Abstract
Acute myeloid leukemia (AML) is a genetically heterogeneous disease. The rise of next-generation-sequencing (NGS) and its incorporation in the clinical routine has unveiled numerous recurrently altered genes in AML biology, a minority of which are also actionable via targeted drugs. Alterations of the isocitrate dehydrogenase 1 (IDH1) are recurrent events in AML occurring in approximately 8% of patients. These mutations impair normal cellular metabolism leading to an accumulation of the oncometabolite 2-hydroxyglutarate (2-HG), affecting epigenetic regulation and cellular differentiation. Ivosidenib is a selective oral inhibitor of mutant IDH1, reducing the abnormal accumulation of 2-HG and has been approved by the FDA or AML both in the upfront and relapsed/refractory setting. Recent clinical trials suggest improved outcomes for ivosidenib-based combination therapies compared to non-ivosidenib-based combinations in IDH1-mutated AML patients ineligible for intensive treatment. Hence, identifying all IDH1-mutated cases is prognostically relevant.
Deep Learning (DL) has been demonstrated to uncover genotype-phenotype links in bone marrow cytomorphology. Pre-treatment samples from initial diagnosis were selected retrospectively from AML patients treated at University Hospital Dresden, Germany. May-Gruenwald-Giemsa stained bone marrow smears (BMS) were digitized to generate whole slide images (WSIs) of 86 AML patients with alterations of IDH1 and 60 AML patients with IDH1 wildtype as confirmed by NGS. 40 tiles at 1263*1263 pixels were selected from each WSI. The resulting 5840 images were allocated to training and test set at an 80:20 ratio, ensuring that no individual patient contributed images to both sets. We evaluated eight state-of-the-art convolutional neural networks (Resnet, Resnext, Shufflenet, Squeezenet, Densenet, Efficientnet, Regnet, and Convnext), performing a hyperparameter search for each network. Tile extraction, model training, and testing was performed at the Center for Information Services and High Performance Computing (ZIH), Dresden University of Technology with eight NVIDIA A100-SXM4 tensor core graphical processing units. All models were evaluated on a held-out patient-level test set. For the binary classification of image-based IDH1 mutation status prediction, we observed an area-under-the-receiver-operating-characteristic (AUROC) ranging from 0.731 to 0.788 with a corresponding accuracy ranging from 0.728 to 0.774 and an F1-score ranging from 0.676 to 0.741.
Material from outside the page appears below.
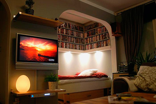 Актуальна такая мебель не только в однокомнатной квартире, но и в модной студии. Сегодня подобные планировки, в которых отсутствуют перекрытия, очень популярны. Чаще всего такие квартиры имеют небольшую площадь, и многие хозяева сталкиваются с проблемой расположения всех необходимых предметов интерьера на имеющемся пространстве. Кровать в нише не только займет минимум свободного места, но и позволит произвести зонирование спальной зоны.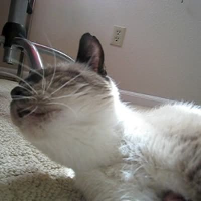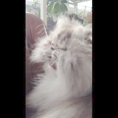 "Purr-Fect" Cat goes crazy. Fat cat makes a very weird/funny/strange noise. Snorts and licks its mouth.

The generation of digital biomarkers predicting image-based mutation status of targetable genetic alterations such as IDH1 allows for image-based genotypic screenings as currently not all AML patients are appropriately screened for targetable alterations. Hence, the incorporation of digital tools into routine bone marrow microscopy ensures a quick pre-screening and may allow for a broader use of targeted therapy to improve outcomes.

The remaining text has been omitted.